- _Activity_
In the records below, reproduce exactly the lines from the one containing "1948.VII.25. Centenáris kupa, Vasas" through the one containing "в Щёлково купить", both included, and omit the pictures.
-- Opening Marker --
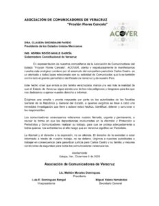 En el documento, dirigido a la presidenta de México, Claudia Sheinbaum Pardo, y a la gobernadora de Veracruz, Norma Rocío Nahle García, la organización lamentó el crimen y señaló que este hecho enluta a una familia veracruzana más, además de evidenciar, una vez más, las condiciones de riesgo en las que se ejerce el periodismo en la entidad.
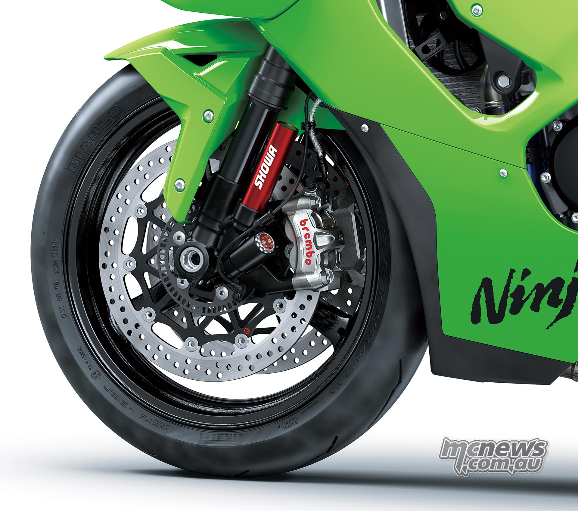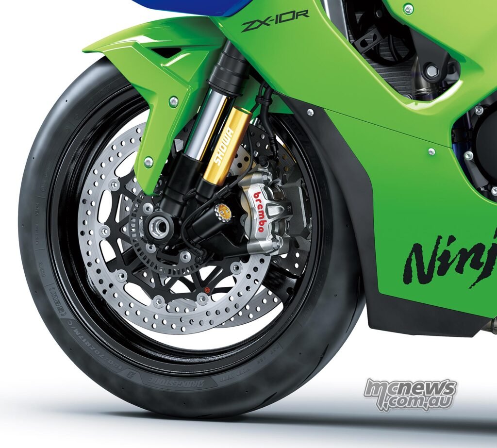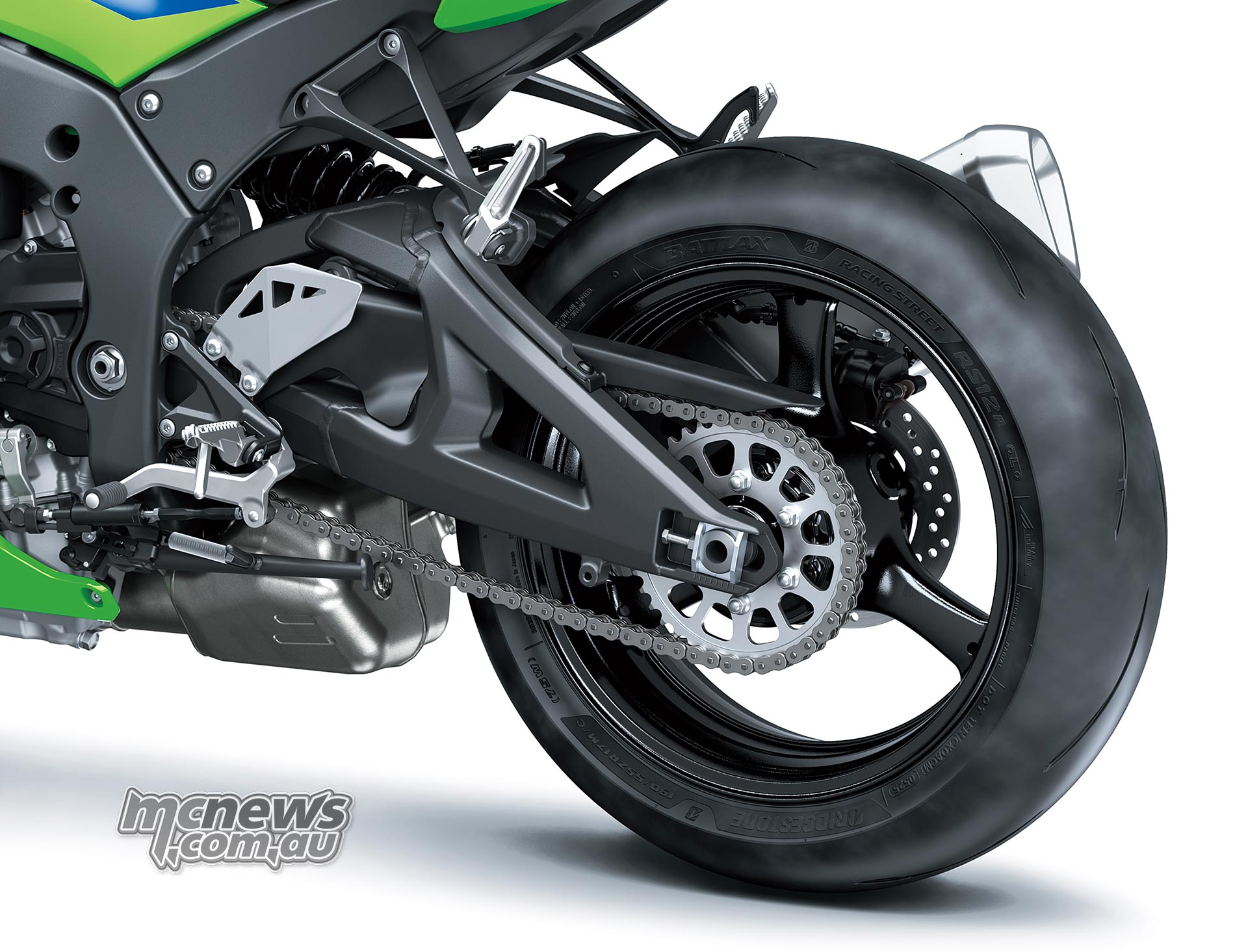Tyres are model-specific: the ZX-10R now makes use of Bridgestone Battlax Racing Avenue RS12, co-developed with Kawasaki, whereas the ZX-10RR is supplied with Pirelli Supercorsa SP V3 tyres impressed by WorldSBK competitors.
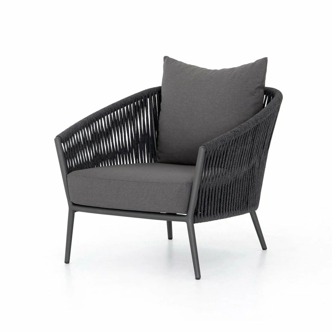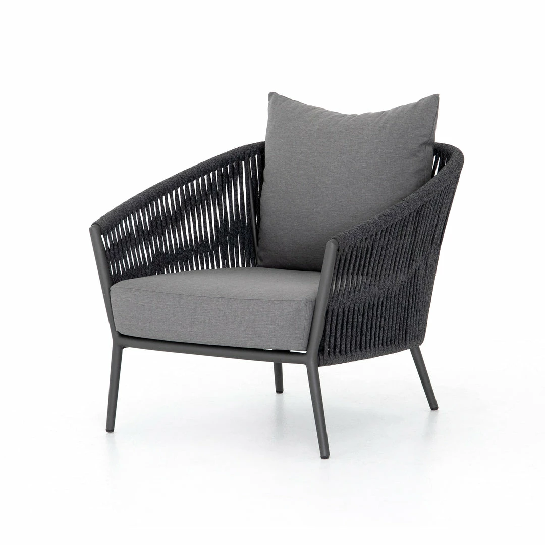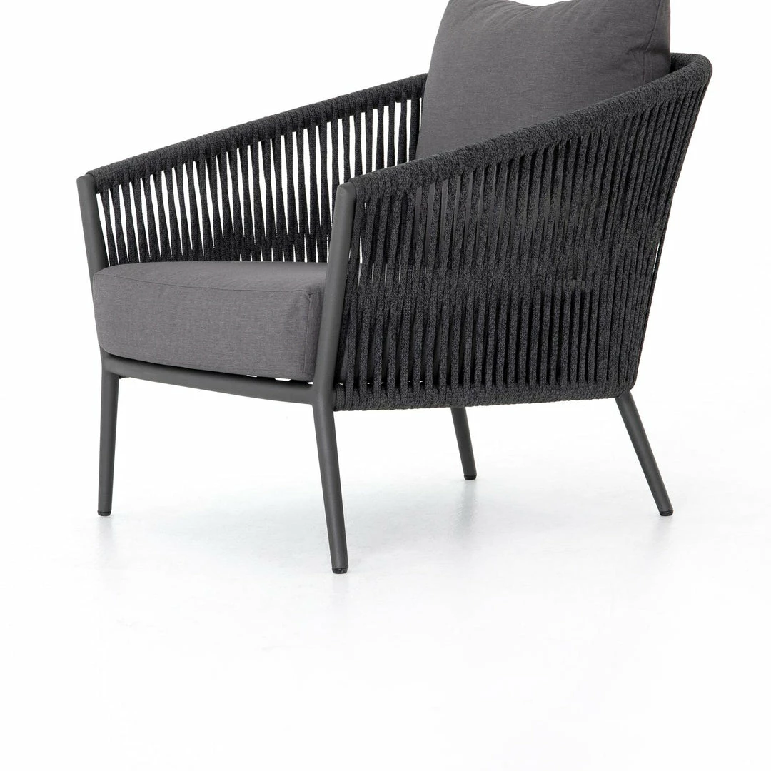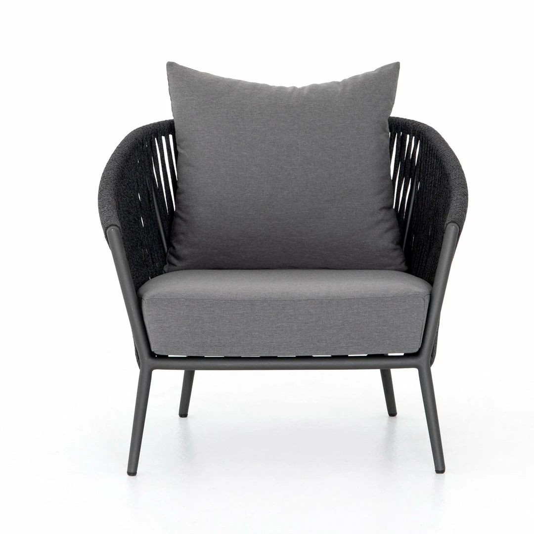 The perfect place for outdoor daydreaming. A beautiful rope-based design is woven across a durable aluminum frame in a rich bronze finish. Topped with a wide cushion and throw pillow, all upholstered in 100% Olefin, known for its UV-resistant, water-repellent and quick-drying abilities. Cover or store indoors during inclement weather and when not in use.
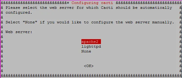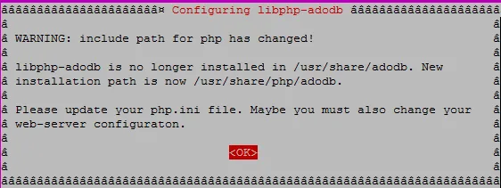 上面的命令开始 Cacti 的安装,你会看到下图中 PHP 路径的更改,选择 ok 按回车
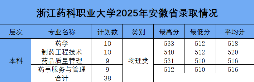 按照安徽省2025年招生录取进程,浙江药科职业大学在安徽省本科批录取工作已圆满结束。本科招生计划为38人,录取满额完成。在本科批录取中,物理类最高540分,最低510分,最低分高出本科线49分。各专业录取情况如下:▲注:最终录取结果,以安徽省教育招生考试院公布为准。
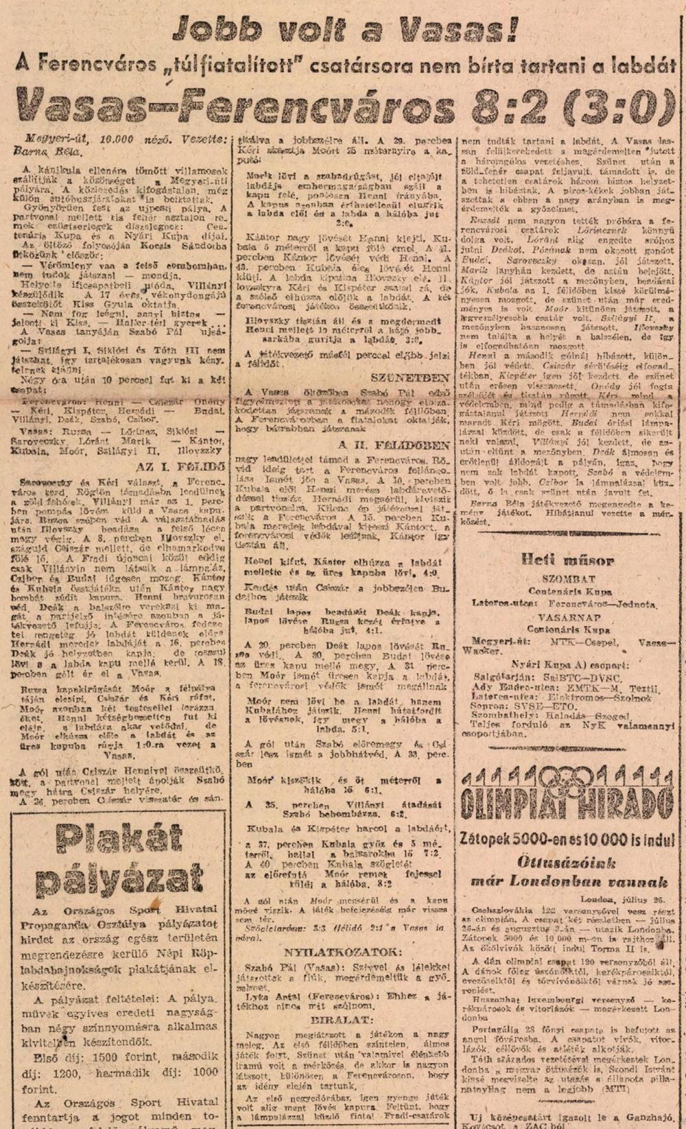 1948.VII.25. Centenáris kupa, Vasas – Ferencváros 8:2 Közzétéve: 2009. február 17. kedd | Szerző: K@rcsi Jobb volt a Vasas! A Ferencváros „túlfiatalított” csatársora nem bírta tartani a labdát Vélemény, hozzászólás? Válasz megszakításaAz e-mail címet nem tesszük közzé. A kötelező mezőket * karakterrel jelöltük Hozzászólás * Név * E-mail cím * Honlap Δ
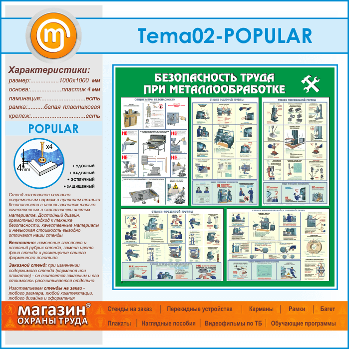 Стенд «Безопасность труда при металлообработке» (TM-02-POPULAR) в Щёлково купить
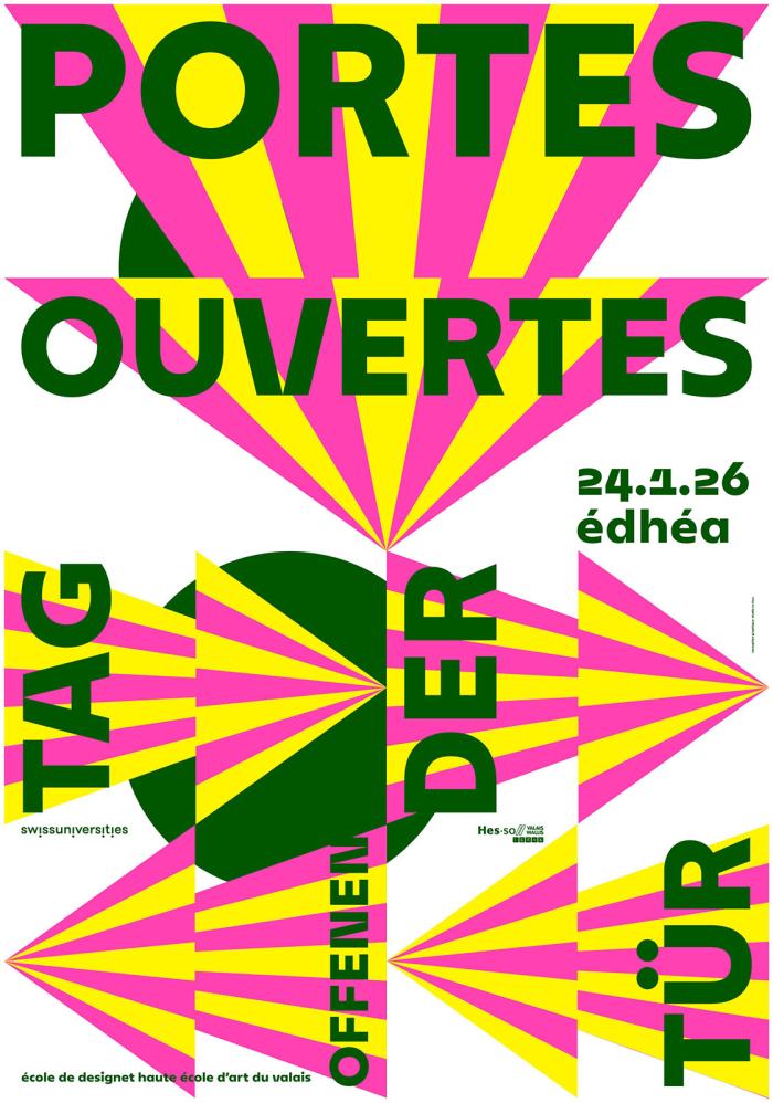 Bienvenue à l’EDHEA! Le samedi 24 janvier 2026, l’école ouvre grand ses portes et se réjouit de vous accueillir pour une journée de découvertes. Cette rencontre s’adresse à toutes et tous : aux personnes intéressées par une formation en graphisme ou en arts visuels, aux proches des élèves, étudiantes et étudiants désireux de découvrir leurs travaux, ainsi qu’à toutes celles et ceux que la création, sous toutes ses formes, rend simplement curieux.
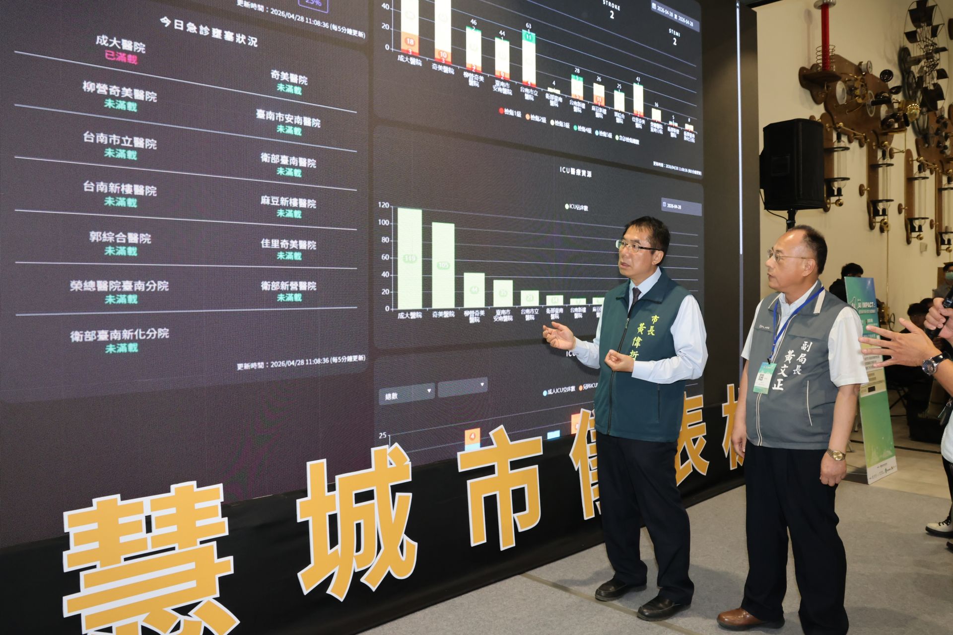 ▲市長黃偉哲參觀智慧城市應用展示,透過數據儀表板了解醫療資源與城市治理運作,呈現AI於公共服務領域的實際應用成效。(南市府 提供)
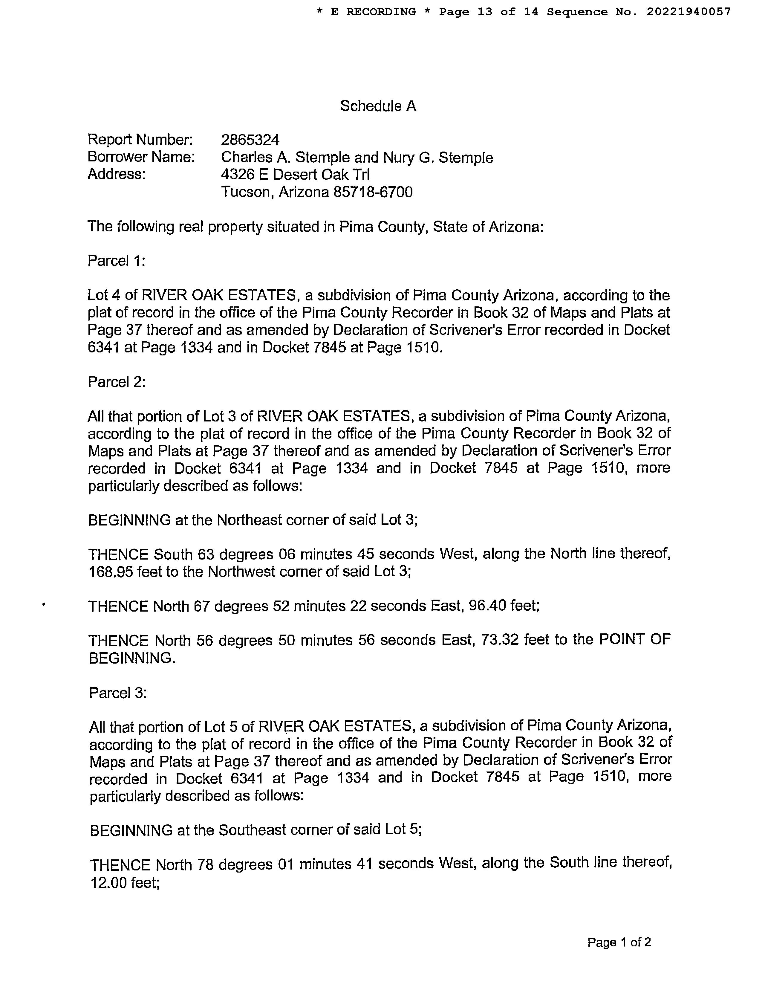 Mailing Address : 4326 E Desert Oak Trl, Tucson AZ 85718-6700 C044
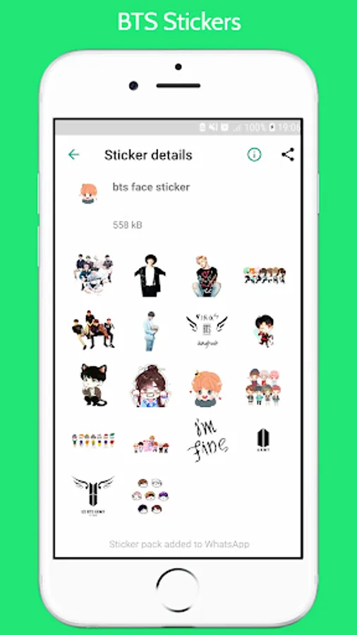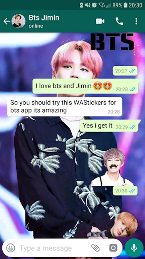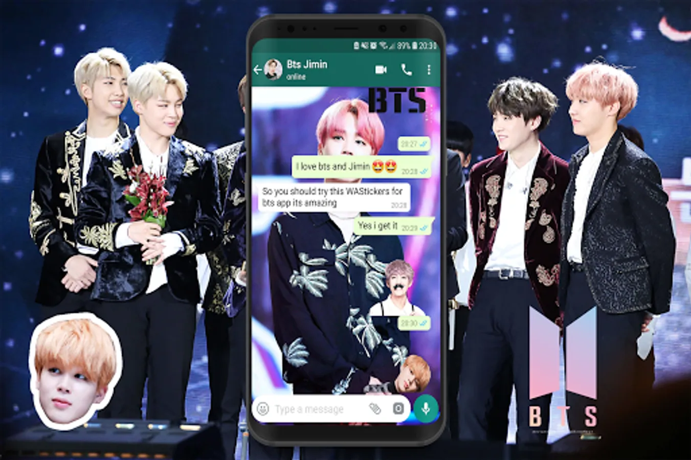 WAStickerApps for BTS Stickers for Whatsapp is an amazing app that's allow you to get your favorite stickers for the amazing BTS members
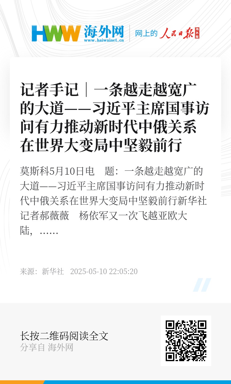 新华社莫斯科5月10日电 题:一条越走越宽广的大道——习近平主席国事访问有力推动新时代中俄关系在世界大变局中坚毅前行
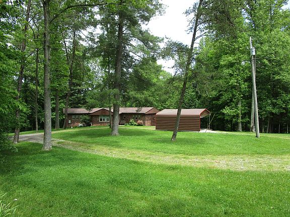 This private yet conveniently located home sits on 3.93 acres and is less than 5 minutes to the small country town of Harrisville, WV, and borders the beautiful North Bend State Park. The paved driveway leads up a small hill where the home is nestled among the trees. The dwelling has 3 bedrooms, 1 bath, with an open concept for the living room, dining and kitchen area, a small family room or den, and a utility room. The living area has a fireplace with wood stove insert and numerous windows looking over the deck. All appliances are included in the sale. The large deck wraps around the back of the home and each bedroom has access to the deck. The indoor climate of the home is controlled by a forced air system with central AC. There is also a whole house generator. Additional structures include a 2 stall carport, storage / equipment shed with a lean-to and a small storage building. There is another home site in the back yard area with water. A nice, fairly level back yard offers plenty of room for gardens or recreation. This would make an ideal starter home or a place to enjoy the golden years since everything is on one floor. This property is priced at $135,000.00.
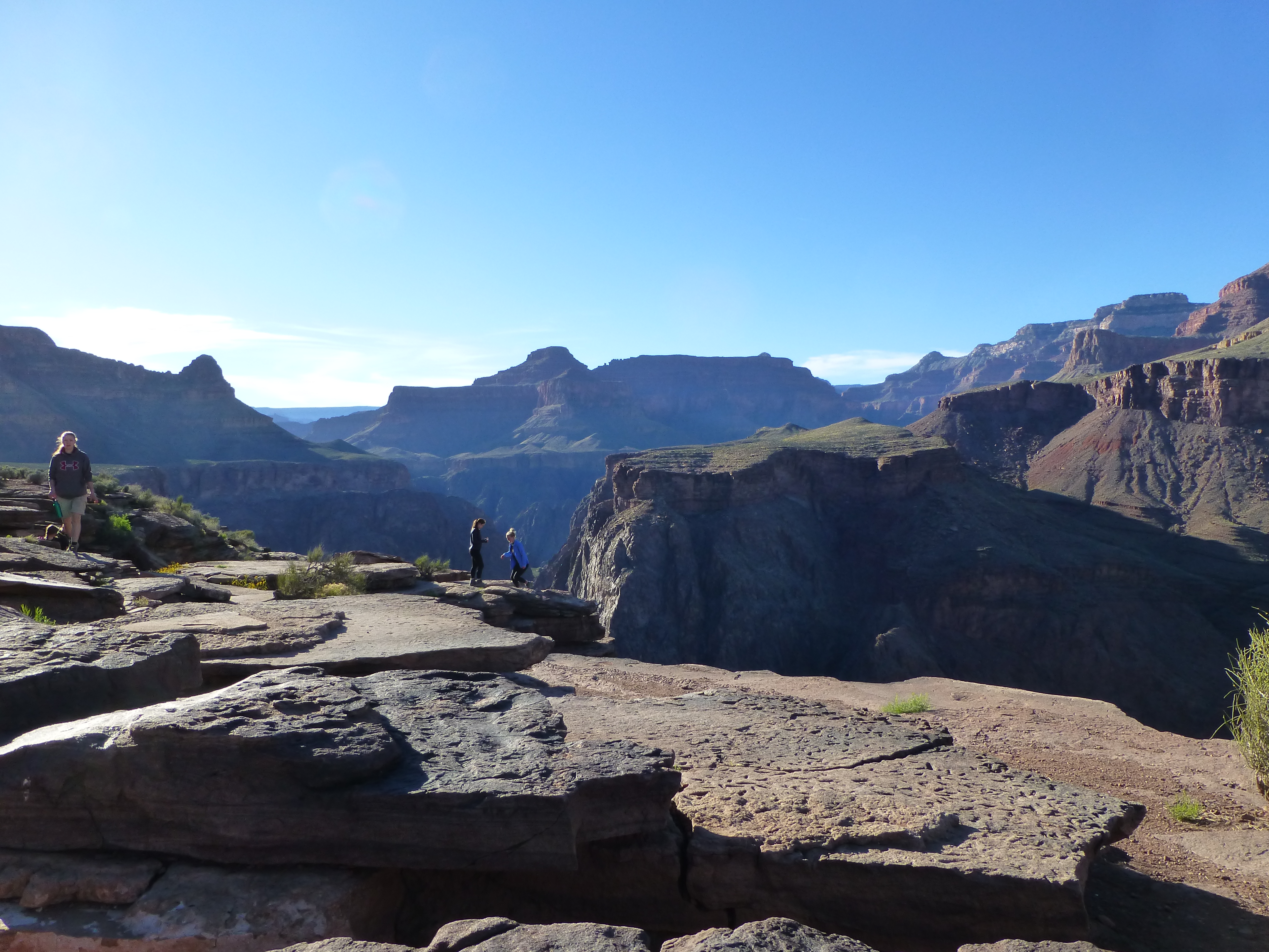 Nathan and I had to throw in one more evening hike. We stopped at the store on the way to satisfy the kids desire to purchase stuff and then continued in the dark to the rim trail. We laid on the trail and watched the stars, planets, planes and satellites. The kids asked Nathan star questions and then those questions turned into existential questions and then to interstellar travel and time questions. Wonder and what if; the kids were full of those questions. I was getting cold laying there so we started walking along the trail. We were waiting for the moon to come up which it did. It lit up the canyon and our trail. We looked down where we had come from that morning and could see the headlamps of the people eating their rehydrated meals at Indian Garden campground.
-- Closing Marker --
- _Task response_
 1948.VII.25. Centenáris kupa, Vasas – Ferencváros 8:2 Közzétéve: 2009. február 17. kedd | Szerző: K@rcsi Jobb volt a Vasas! A Ferencváros „túlfiatalított” csatársora nem bírta tartani a labdát Vélemény, hozzászólás? Válasz megszakításaAz e-mail címet nem tesszük közzé. A kötelező mezőket * karakterrel jelöltük Hozzászólás * Név * E-mail cím * Honlap Δ
 Стенд «Безопасность труда при металлообработке» (TM-02-POPULAR) в Щёлково купить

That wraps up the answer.